Work required:
Please give back, exactly as written, the lines from the line with "Появился новый тип" to the line with "Lampara de Colgar" in the listing below, leaving out all pictures.

Data in this exercise:
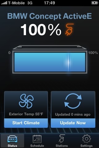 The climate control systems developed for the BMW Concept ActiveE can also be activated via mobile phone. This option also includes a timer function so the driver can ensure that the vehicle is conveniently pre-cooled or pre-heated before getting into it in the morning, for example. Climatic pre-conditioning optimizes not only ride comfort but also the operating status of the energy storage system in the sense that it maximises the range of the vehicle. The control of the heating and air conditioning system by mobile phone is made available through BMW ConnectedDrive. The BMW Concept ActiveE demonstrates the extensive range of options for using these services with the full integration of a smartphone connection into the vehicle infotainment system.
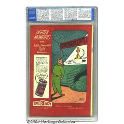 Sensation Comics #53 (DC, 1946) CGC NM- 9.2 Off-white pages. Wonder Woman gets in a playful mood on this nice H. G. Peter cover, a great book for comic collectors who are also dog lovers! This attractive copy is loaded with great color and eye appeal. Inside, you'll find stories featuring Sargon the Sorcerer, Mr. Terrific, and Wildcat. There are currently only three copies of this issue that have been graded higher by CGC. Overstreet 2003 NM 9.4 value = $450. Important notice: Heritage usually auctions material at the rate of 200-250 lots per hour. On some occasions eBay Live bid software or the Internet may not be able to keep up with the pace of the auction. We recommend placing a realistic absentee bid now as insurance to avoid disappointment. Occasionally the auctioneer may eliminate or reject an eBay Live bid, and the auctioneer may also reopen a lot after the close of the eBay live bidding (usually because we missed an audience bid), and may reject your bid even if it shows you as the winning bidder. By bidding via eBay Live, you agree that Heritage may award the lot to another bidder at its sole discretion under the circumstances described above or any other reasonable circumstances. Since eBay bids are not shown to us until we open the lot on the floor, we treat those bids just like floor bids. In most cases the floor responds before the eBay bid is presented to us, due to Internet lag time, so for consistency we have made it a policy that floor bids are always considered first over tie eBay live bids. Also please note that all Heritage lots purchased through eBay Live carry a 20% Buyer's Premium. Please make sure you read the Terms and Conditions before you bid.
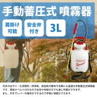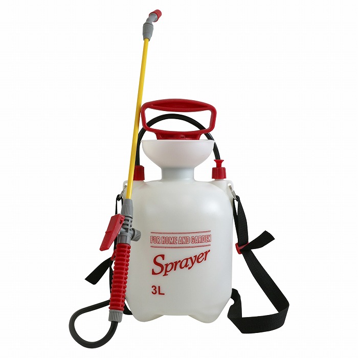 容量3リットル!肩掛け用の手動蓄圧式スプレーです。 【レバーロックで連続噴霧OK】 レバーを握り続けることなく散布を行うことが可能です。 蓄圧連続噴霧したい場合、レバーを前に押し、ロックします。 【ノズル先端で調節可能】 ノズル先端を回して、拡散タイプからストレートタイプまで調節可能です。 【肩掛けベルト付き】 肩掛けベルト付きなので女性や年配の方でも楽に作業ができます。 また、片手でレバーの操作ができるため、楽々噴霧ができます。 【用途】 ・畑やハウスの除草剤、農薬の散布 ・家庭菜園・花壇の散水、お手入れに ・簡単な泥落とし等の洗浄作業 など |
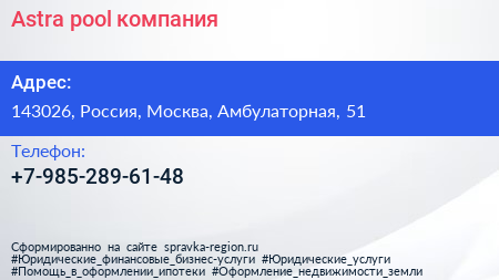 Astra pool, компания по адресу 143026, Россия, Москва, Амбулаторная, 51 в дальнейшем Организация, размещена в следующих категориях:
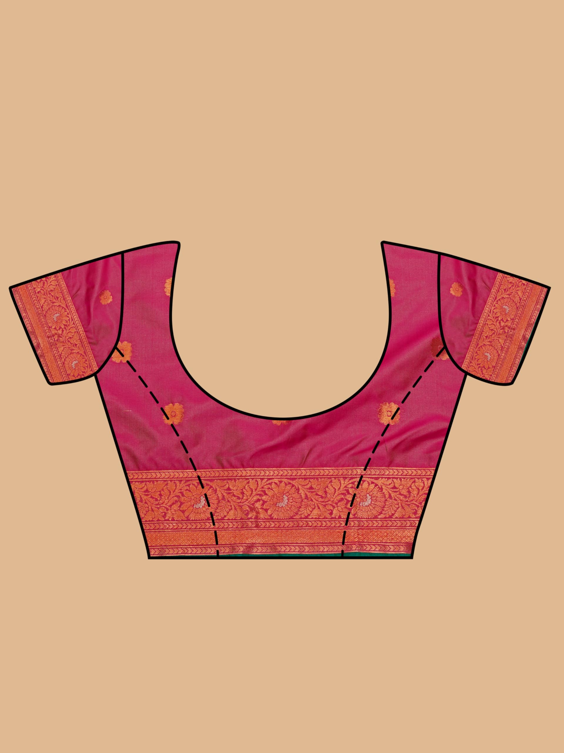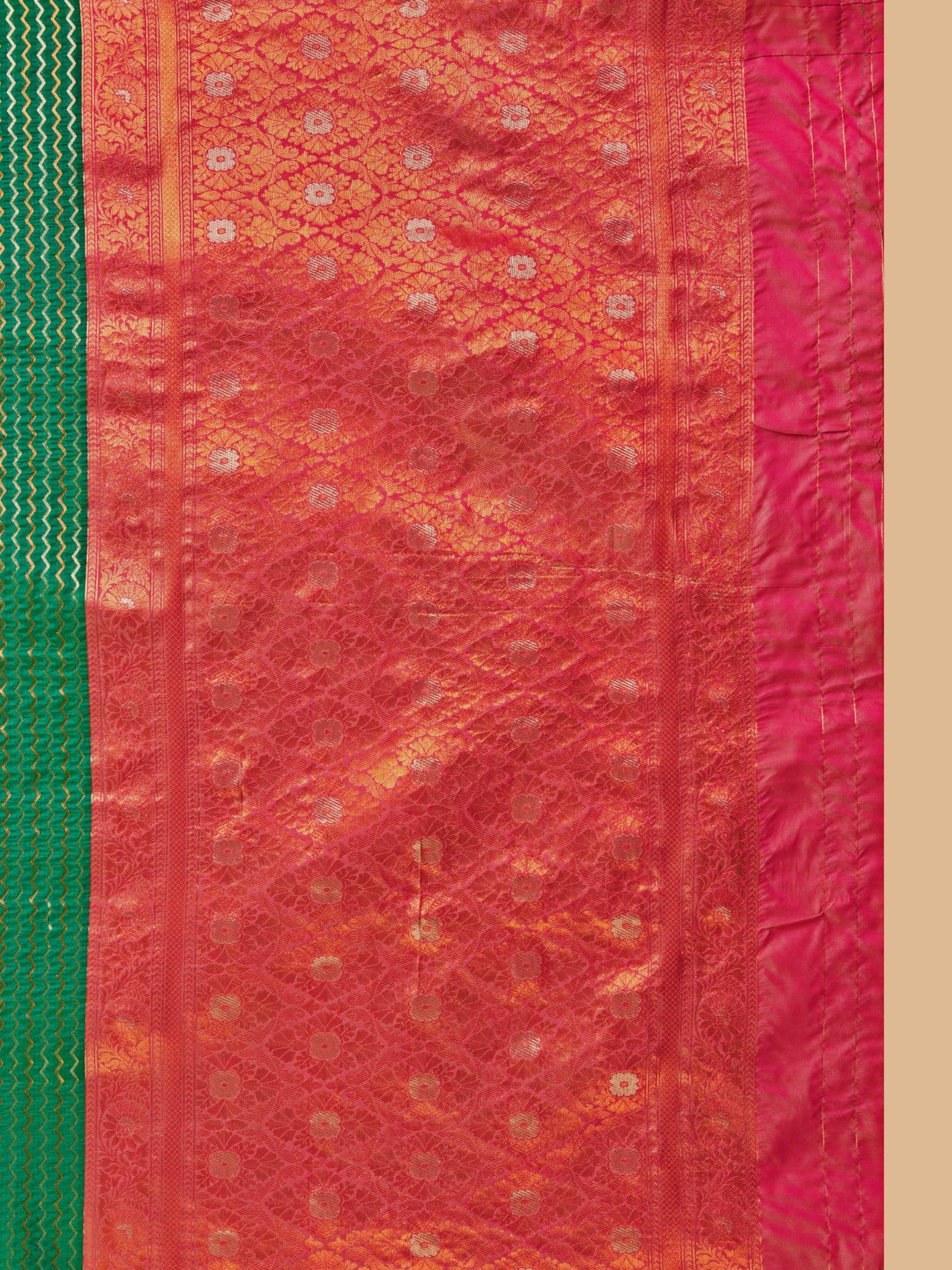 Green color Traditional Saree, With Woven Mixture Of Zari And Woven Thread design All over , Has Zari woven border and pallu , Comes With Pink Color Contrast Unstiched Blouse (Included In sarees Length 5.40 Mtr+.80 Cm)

--

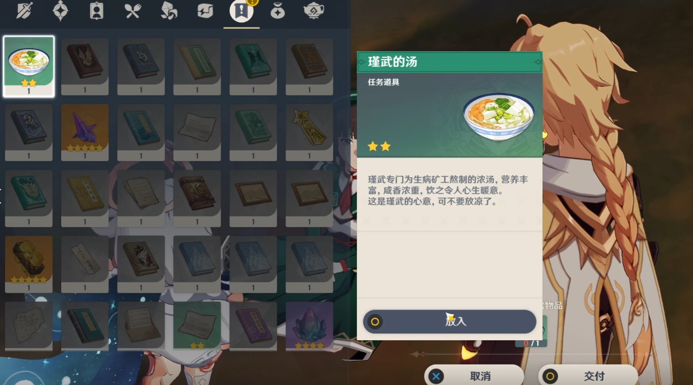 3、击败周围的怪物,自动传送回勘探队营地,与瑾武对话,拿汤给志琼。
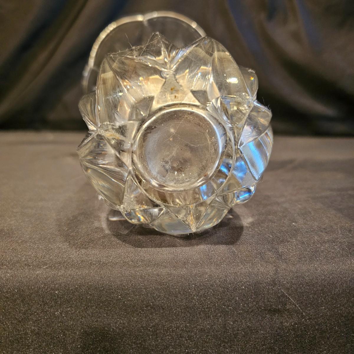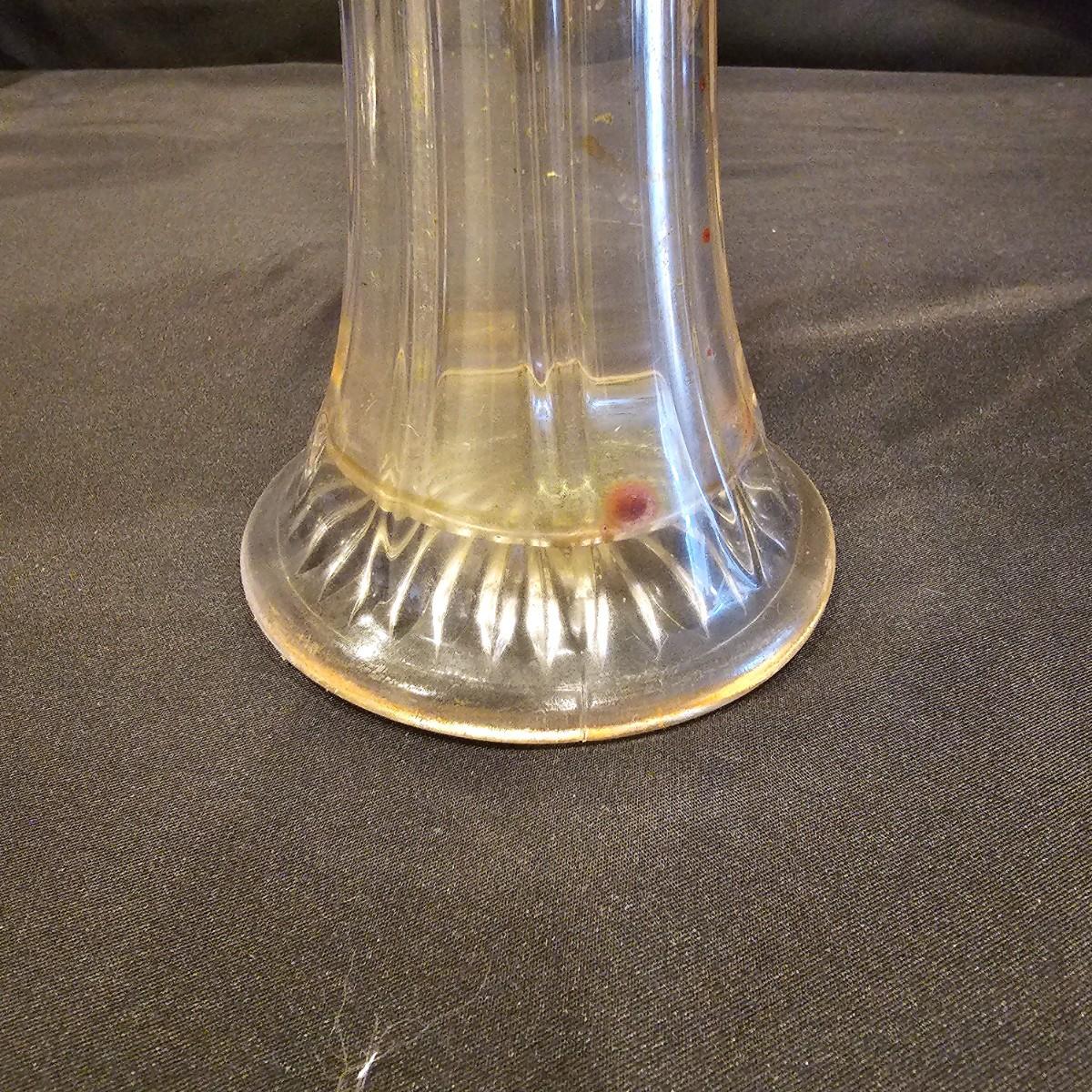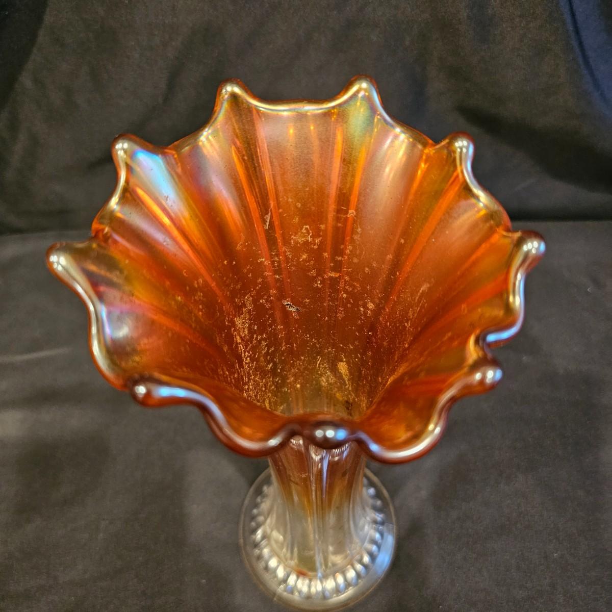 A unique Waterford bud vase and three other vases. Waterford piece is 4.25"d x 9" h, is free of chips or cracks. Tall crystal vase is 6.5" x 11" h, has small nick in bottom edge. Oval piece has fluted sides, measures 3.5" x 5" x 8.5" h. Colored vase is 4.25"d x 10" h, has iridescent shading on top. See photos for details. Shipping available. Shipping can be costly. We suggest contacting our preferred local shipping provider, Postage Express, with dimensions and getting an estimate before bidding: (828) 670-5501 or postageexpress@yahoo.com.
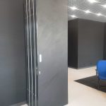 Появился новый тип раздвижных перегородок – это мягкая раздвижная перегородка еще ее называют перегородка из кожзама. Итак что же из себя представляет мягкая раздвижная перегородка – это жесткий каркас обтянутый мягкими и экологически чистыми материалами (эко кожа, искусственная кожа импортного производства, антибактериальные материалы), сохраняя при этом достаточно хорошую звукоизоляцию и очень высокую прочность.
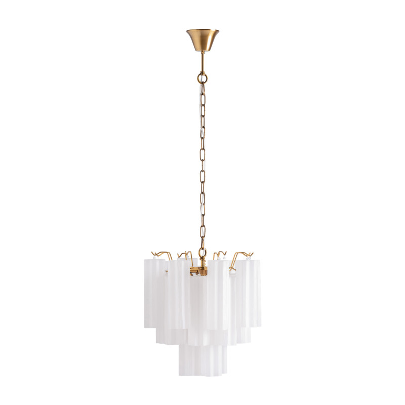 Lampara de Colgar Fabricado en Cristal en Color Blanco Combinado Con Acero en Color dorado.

==

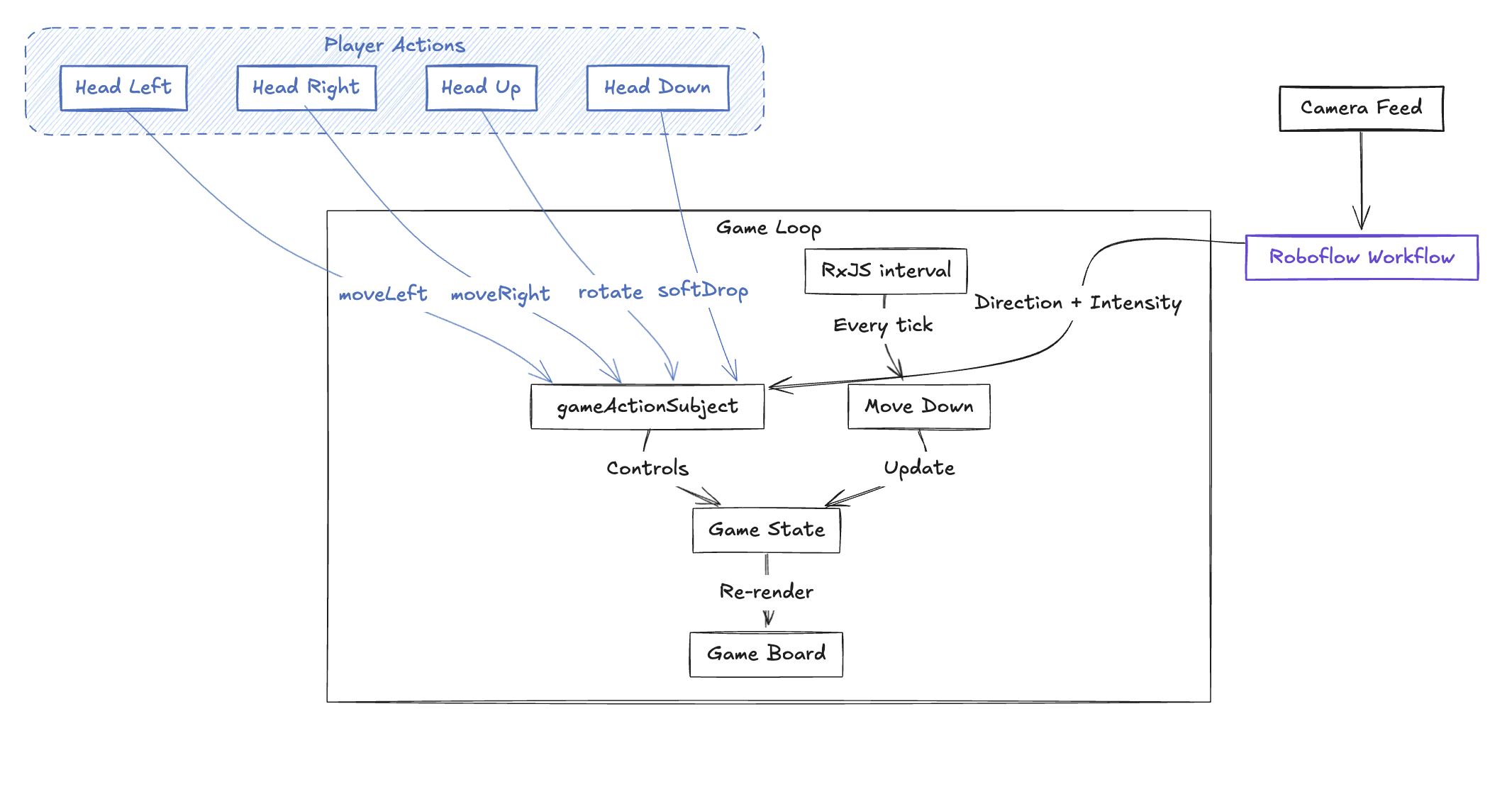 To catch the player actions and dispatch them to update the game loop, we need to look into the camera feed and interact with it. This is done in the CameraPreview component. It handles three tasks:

Your response:
 Появился новый тип раздвижных перегородок – это мягкая раздвижная перегородка еще ее называют перегородка из кожзама. Итак что же из себя представляет мягкая раздвижная перегородка – это жесткий каркас обтянутый мягкими и экологически чистыми материалами (эко кожа, искусственная кожа импортного производства, антибактериальные материалы), сохраняя при этом достаточно хорошую звукоизоляцию и очень высокую прочность.
 Lampara de Colgar Fabricado en Cristal en Color Blanco Combinado Con Acero en Color dorado.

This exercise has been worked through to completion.